Pigs of similar social rating tend to continually antagonise one another, whereas groups of varied social rating establish more settled dominant/subordinate hierarchies. Grading pigs into batches at weaning seems to ensure an on-going insecurity in the batch. Any further introduction/removal of pigs leads to further stress.
Research suggests that the number of pigs belonging to a single stable hierarchy is limited by each pig’s capacity to remember the identity of the other members of that hierarchy. This supports the importance of size variation within the group. In her dissertation, Bobbie Watchorn cites reasonably comprehensive research that suggests the ideal group size is between 10 and 20 pigs.
Husbandry will play a large part in achieving and maintaining success at these levels. A proportion of current indoor finishing accommodation is based on this “ideal” population range, however, the majority of today’s feeding herd accommodation limits a producer’s ability to manage populations at this level.
Weaned pigs are commonly graded into large groups, and the group size reduces as they move through. An increasing number of producers are also grading into gender groups. Mixing is, therefore, considerably more than is desirable, and certainly more than is beneficial in terms of feed efficiency and meat quality.
Narrow pens
I’ve long suspected that narrow pens, in terms of shape, are detrimental to social stability in feeding herd groups because they increase the encounters between pigs in the pen. Pigs like their personal space just as much as you and me. Bobbie Watchorn highlighted the fact that pigs “maintain a ‘personal field’ only in front of their heads and often rest side-by-side in physical contact with one another”.
It’s not just the ascent to heavier weights that has increased the incidence of boar taint, neither is it the reduction in the age of sexual maturity associated with body weight in line with the genetic improvement of commercial sire-lines. It’s clear from the Dutch findings that boar taint is already given considerable stimulus by production methods and infrastructure that lack or can’t justify the level of investment required to manage populations effectively.

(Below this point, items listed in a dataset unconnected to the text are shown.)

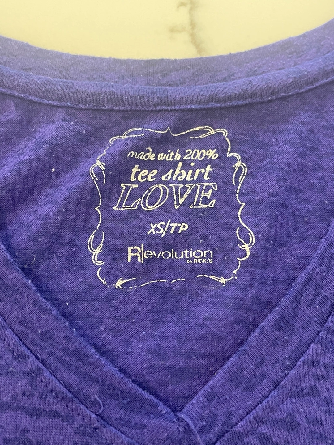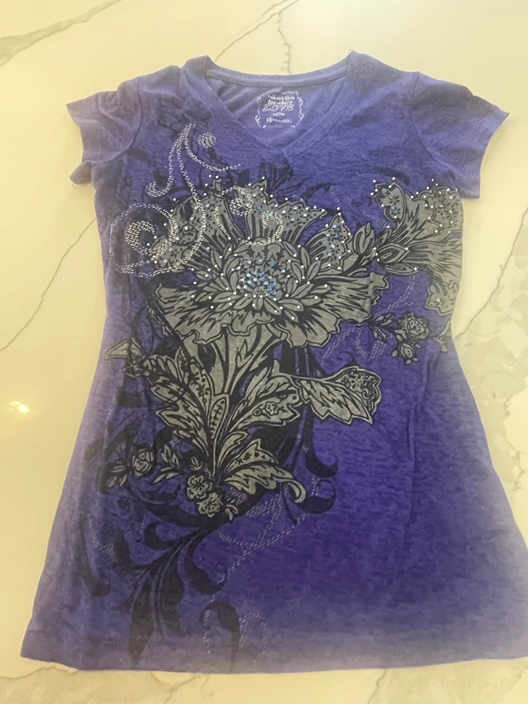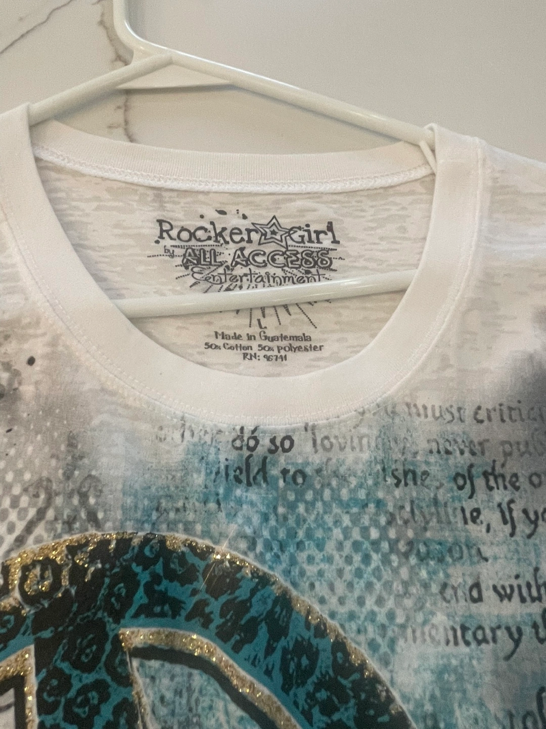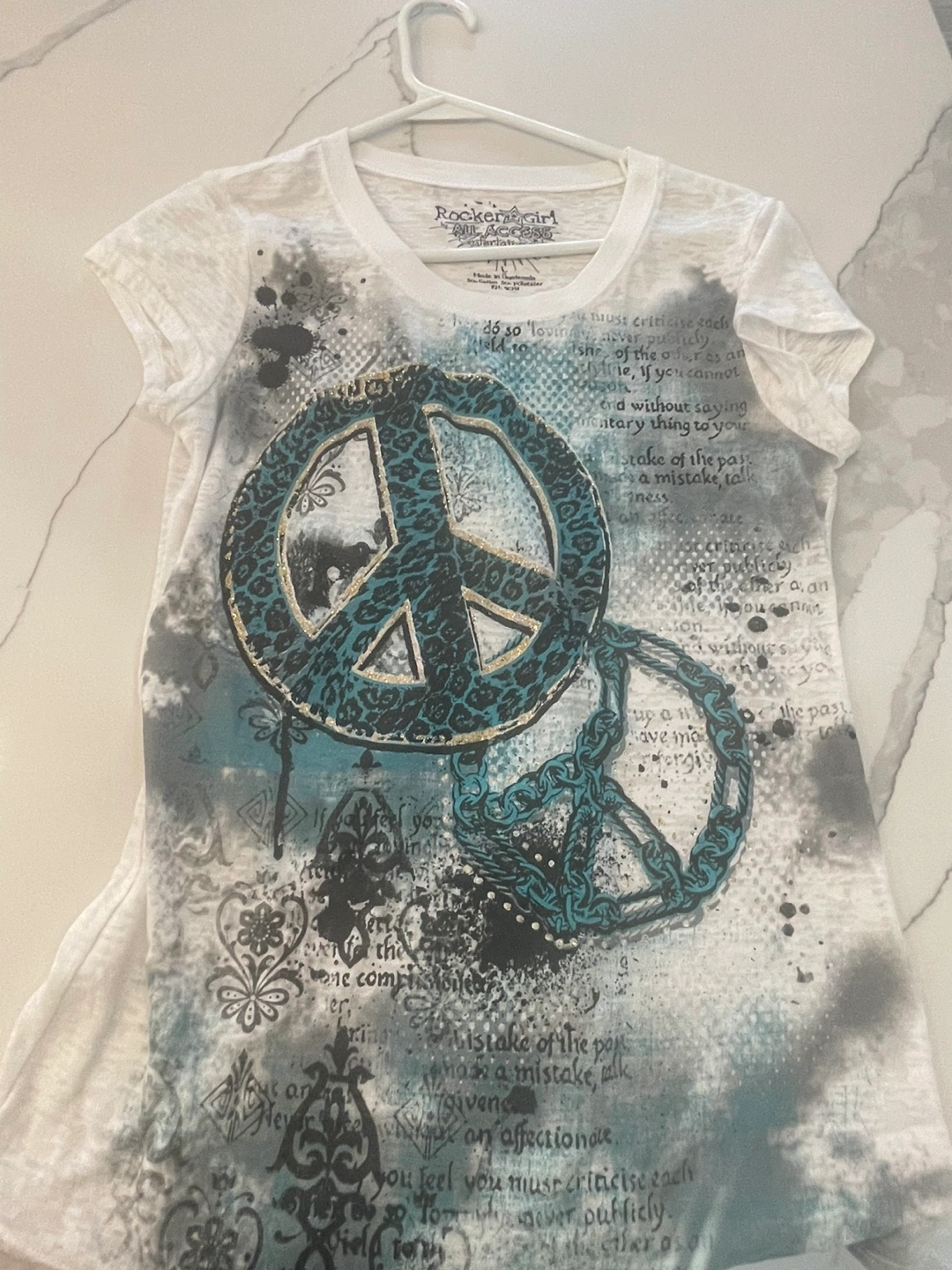 White T-shirt with palm trees and cityscapes print. V-neck, short sleeves, and a pocket on the front.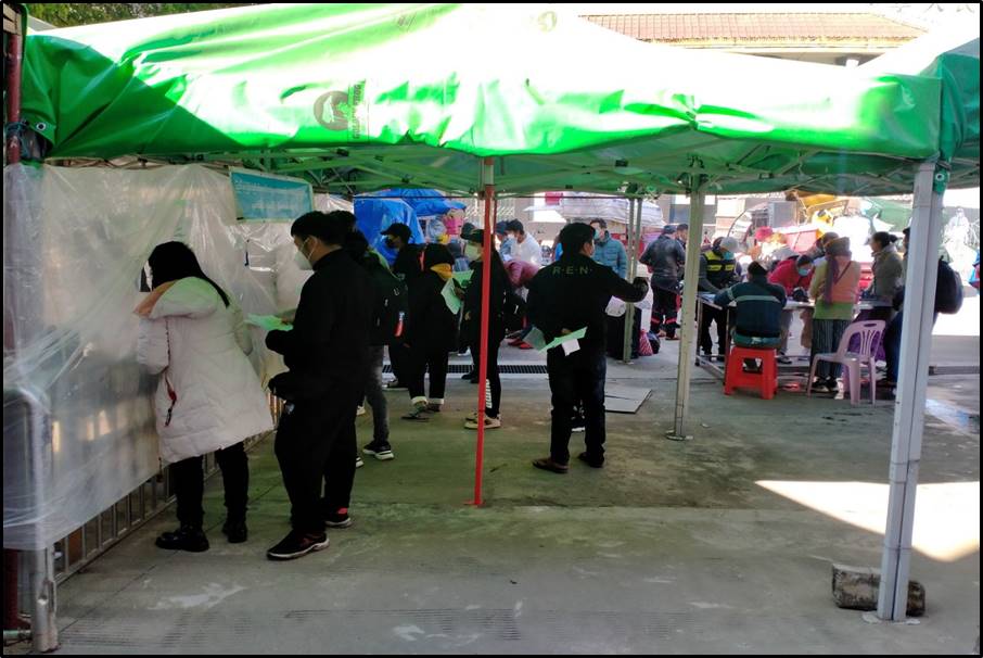 ထိုသို့လက်ခံရာတွင် သက်ဆိုင်ရာပြည်သူ့ဆေးရုံများမှ ကျန်းမာရေးဆိုင်ရာ တာဝန်ရှိသူများ၊ တပ်မတော်ဆေးတပ်ဖွဲ့ဝင်များက ကိုဗစ်-၁၉ ရောဂါစစ်ဆေးပေး ခြင်း၊ Quarantine ဝင်ရောက်ရမည့် အထောက်အထားစာရွက်စာတမ်းများ ပြုလုပ် ပေးခြင်း၊ ကျန်းမာရေးဝန်ကြီးဌာန၏ ညွှန်ကြားချက်များကိုရှင်းလင်းပြောကြားခြင်း တို့ကိုစနစ်တကျဆောင်ရွက်ပေးပြီးတိုင်းစစ် ဌာနချုပ် အသီးသီးမှ တာဝန်ရှိသူများ၊ ဌာနဆိုင်ရာတာဝန်ရှိသူများက လိုအပ်သည်များကူညီဆောင်ရွက် ပေးကြသည်။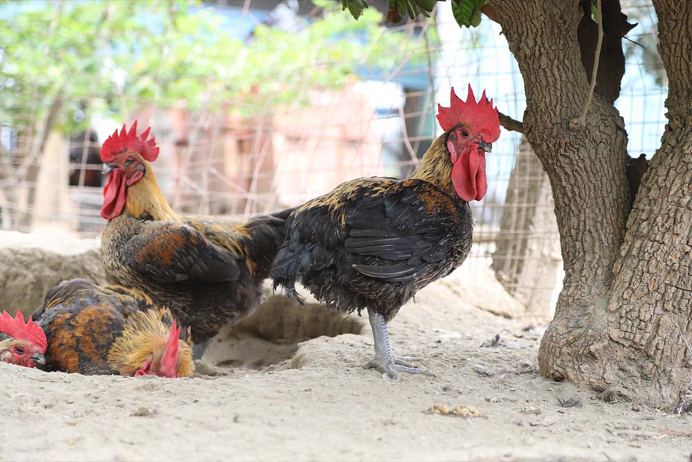 人道飼養黃金土雞,牧場一改集約式飼養的傳統方式,重新規劃大範圍的露天放養空間,讓雞隻可活潑又健康地自由奔跑,甚至還能看到雞隻在牧場洗「沙浴澡」。除了餵養天然穀物外,也添加富含omega-3不飽和脂肪酸的亞麻籽,做為動物成長的優良營養飼料。

Red Tractor’s derogation for structured trials of the boar-taint vaccine, therefore, is significant for the long-term prospects of pig production in the UK. It also highlights the critical importance of getting the expectations of farm assurance into balance with the needs of producers.
I hope that the vaccine, which is already licensed for use in the UK, can be given a clear passage for farm trials with sensibly agreed protocols that might help us discover if it can help British producers achieve that balance.